• Dataset excerpt:
________________

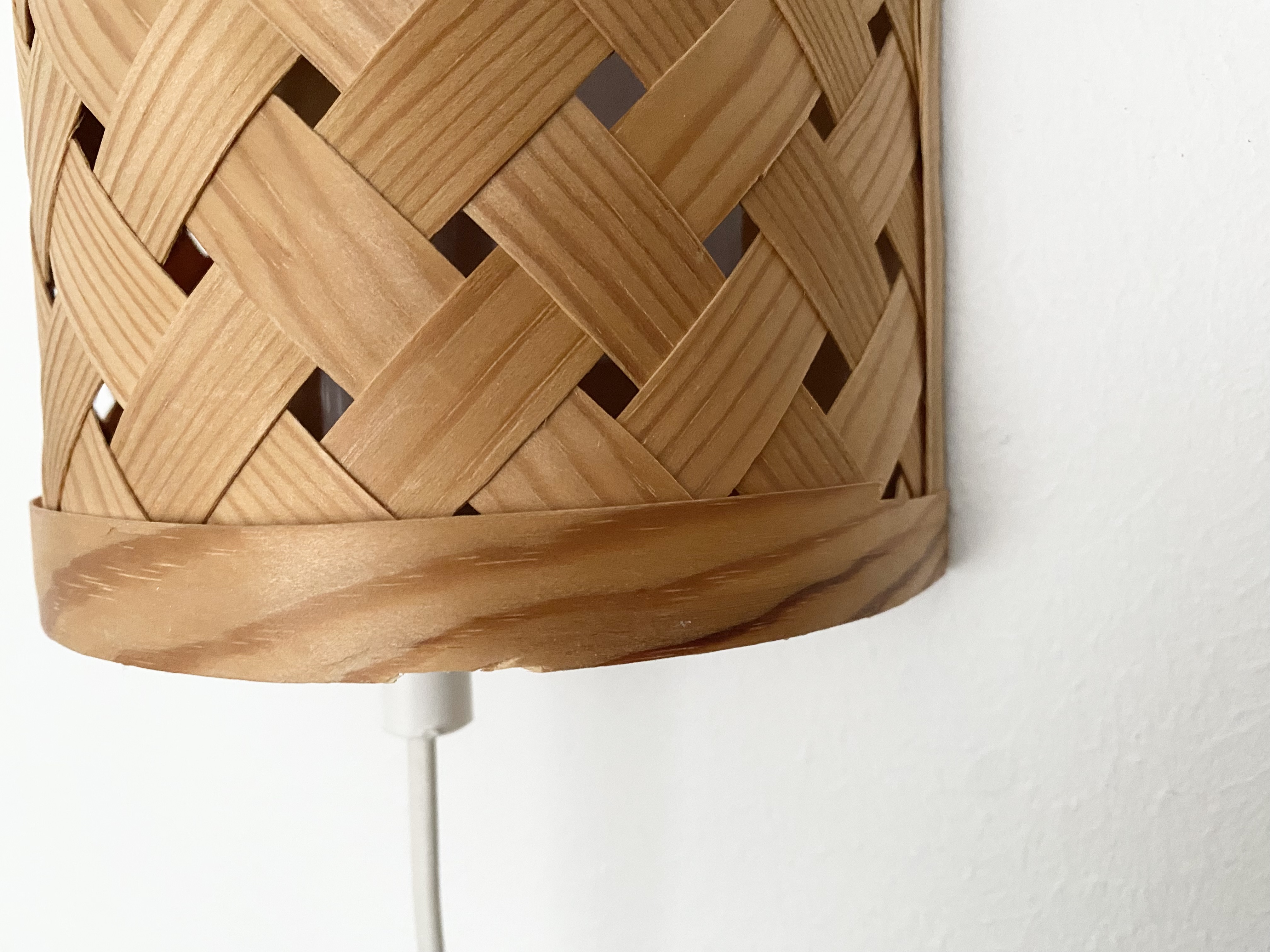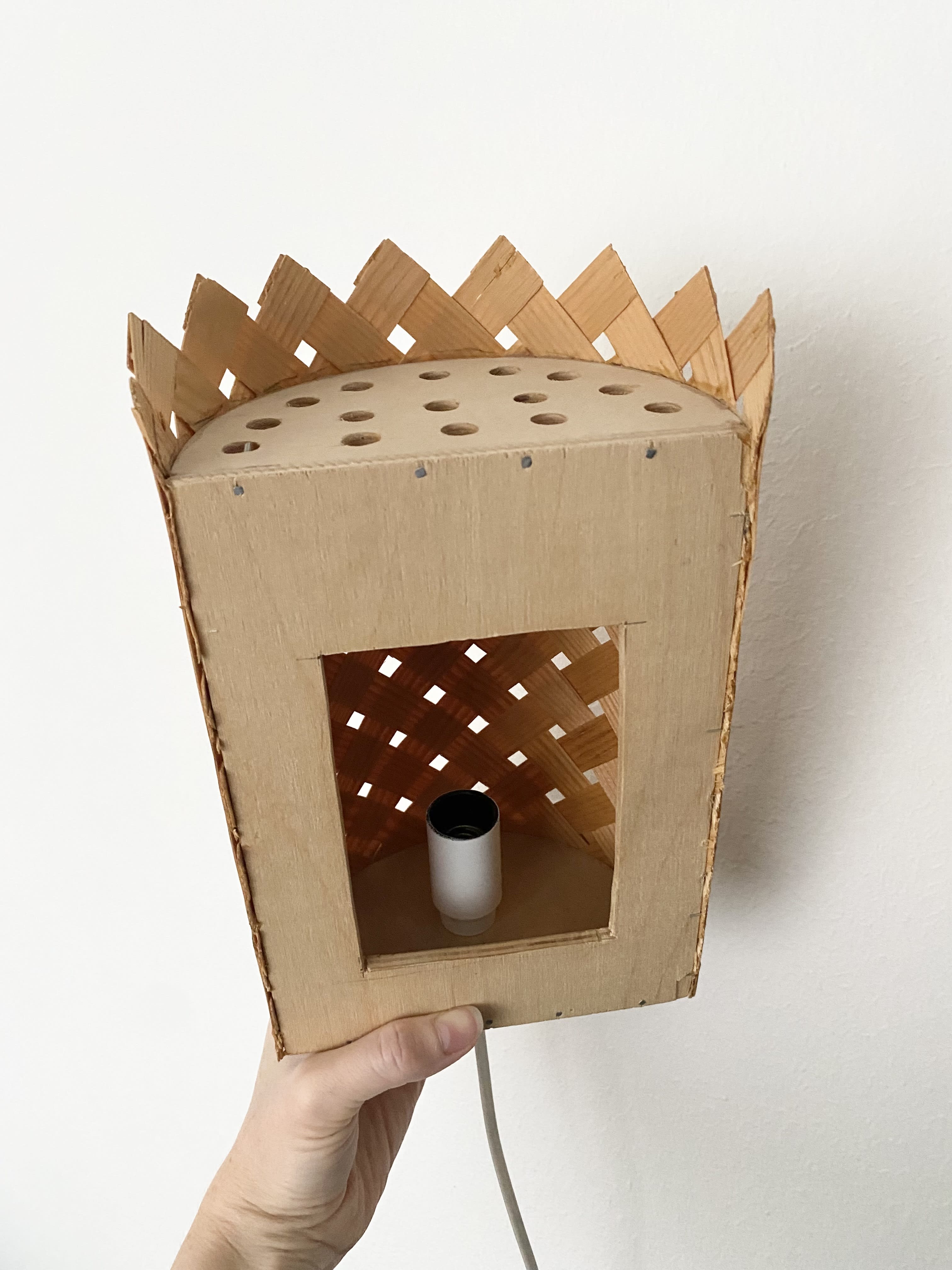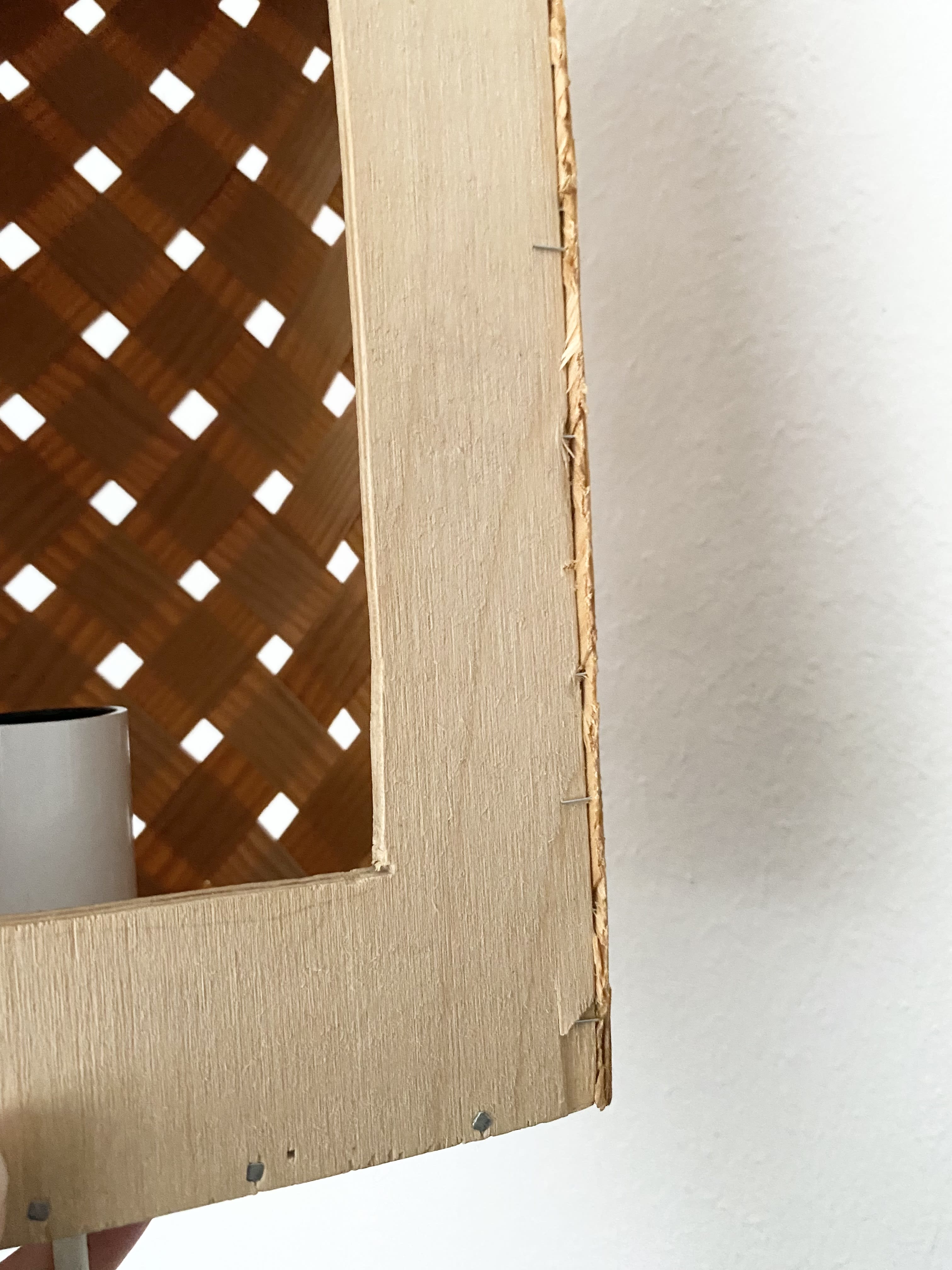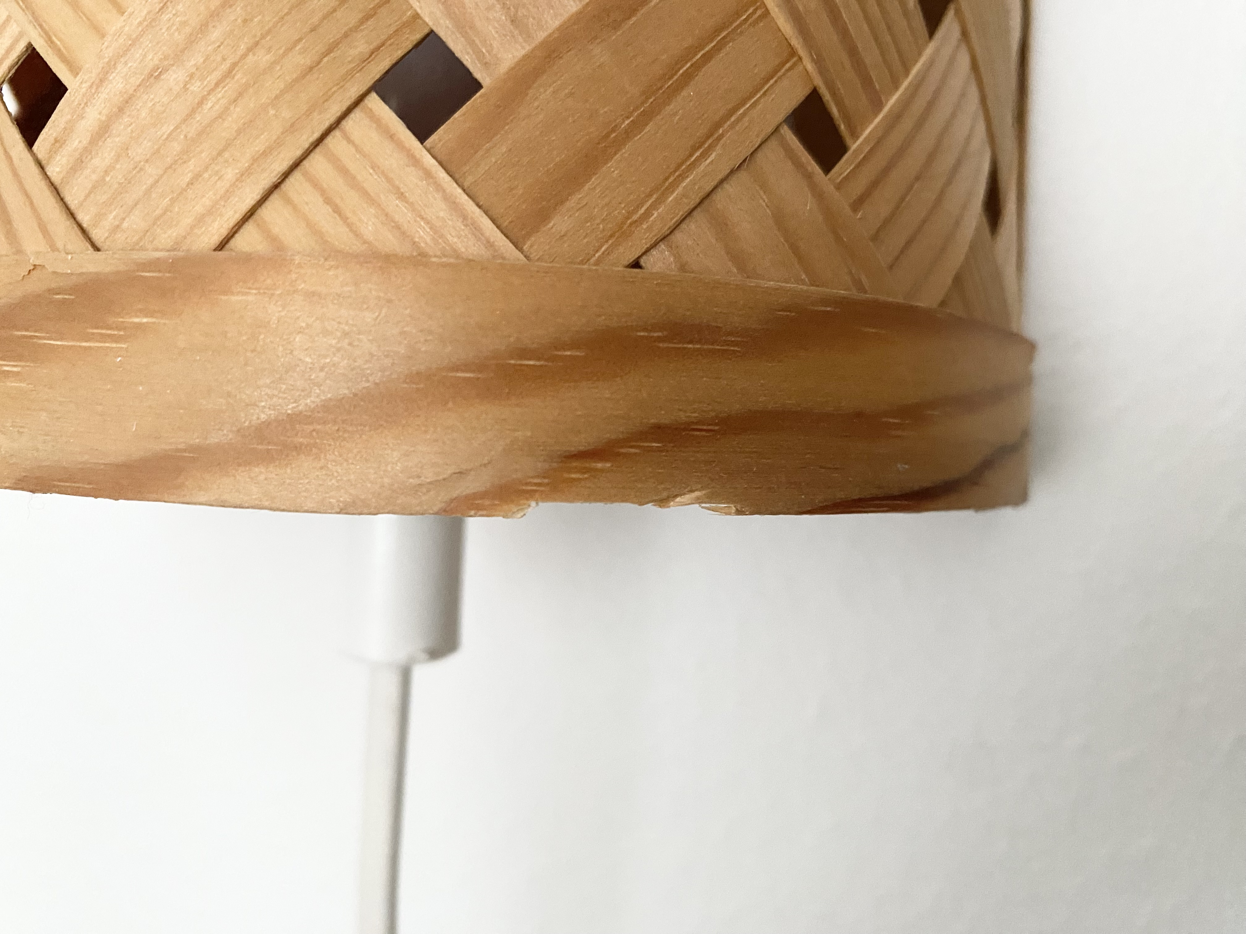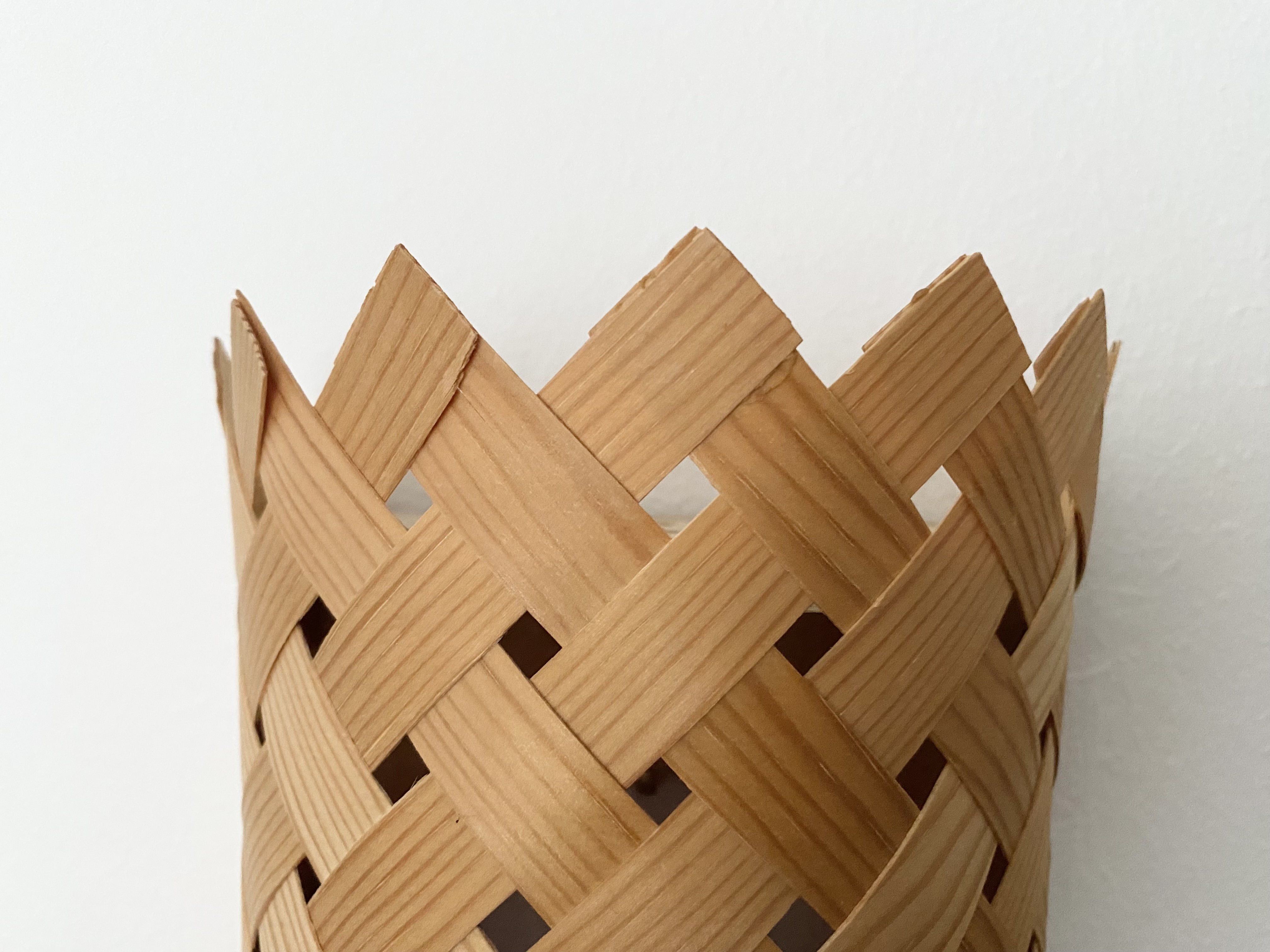 The lamps are handmade and therefor a bit irregular in shape. The measurements are not completely the same in both lamps. The thin wood is quite fragile and there are some wood chips. Look closely at the pictures.
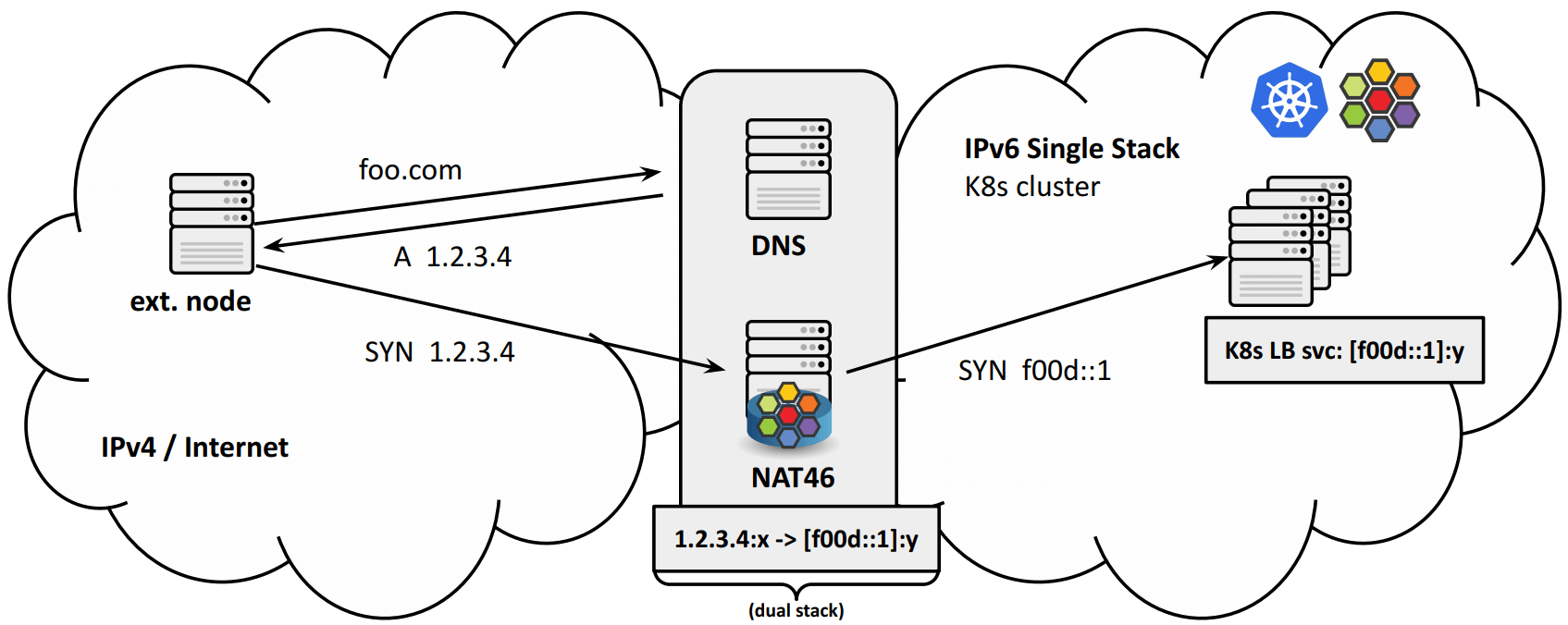 IPv6-only K8s 与传统 IPv4 服务的对接,使用的是 NAT46/NAT64,
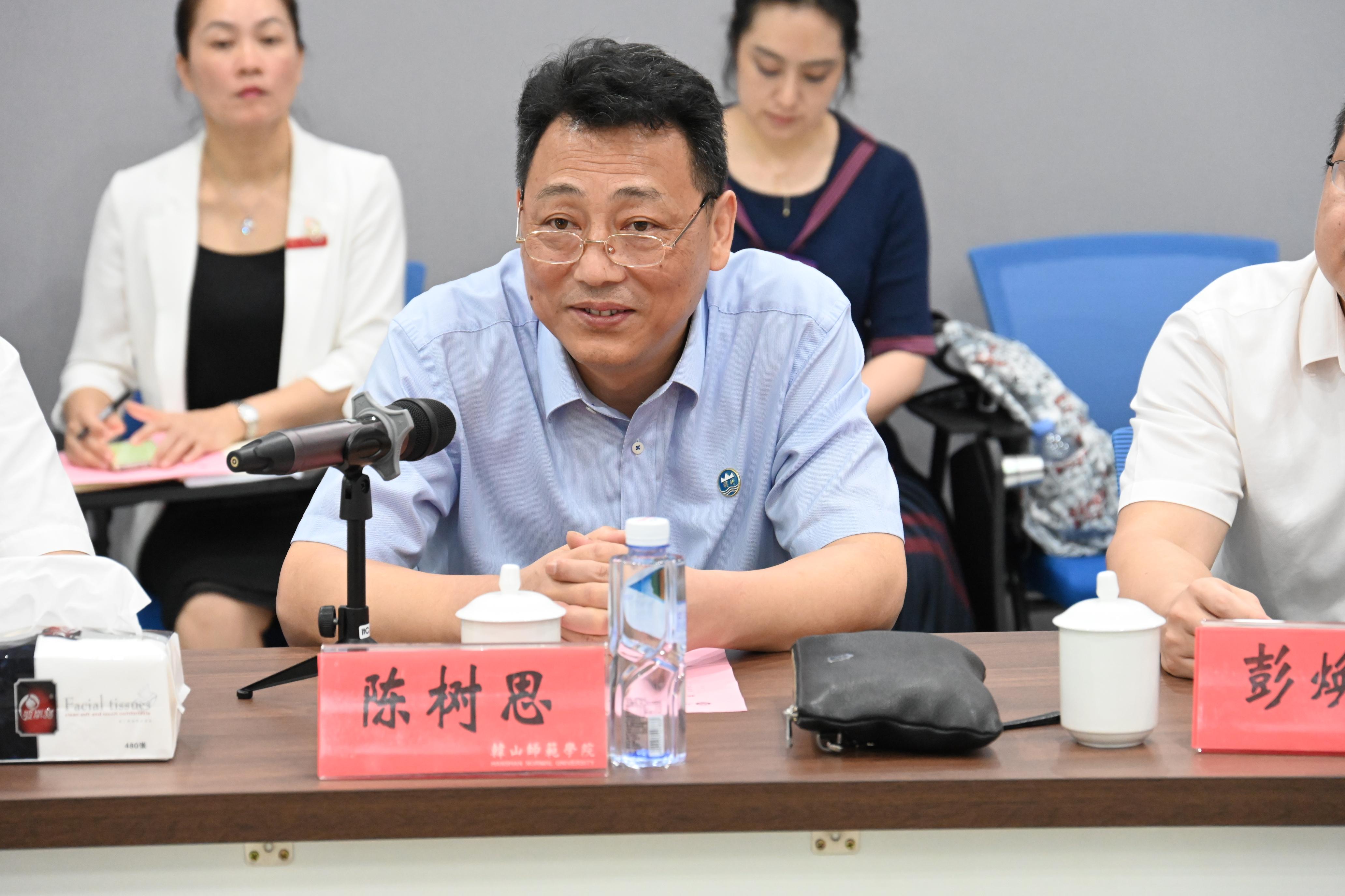 韩山师范学院校长陈树思代表韩师对深大的帮扶支持表示感谢。他表示,深大校领导高度重视、团队尽心付出,三年来两校往来密切,韩师在深大的帮扶下取得很大发展进步,未来将继续沉下心来做好发展建设工作。

________________

• Task prompt: Output the material word for word, and keep the pictures out.

• Exercise result:
 The lamps are handmade and therefor a bit irregular in shape. The measurements are not completely the same in both lamps. The thin wood is quite fragile and there are some wood chips. Look closely at the pictures.
 IPv6-only K8s 与传统 IPv4 服务的对接,使用的是 NAT46/NAT64,
 韩山师范学院校长陈树思代表韩师对深大的帮扶支持表示感谢。他表示,深大校领导高度重视、团队尽心付出,三年来两校往来密切,韩师在深大的帮扶下取得很大发展进步,未来将继续沉下心来做好发展建设工作。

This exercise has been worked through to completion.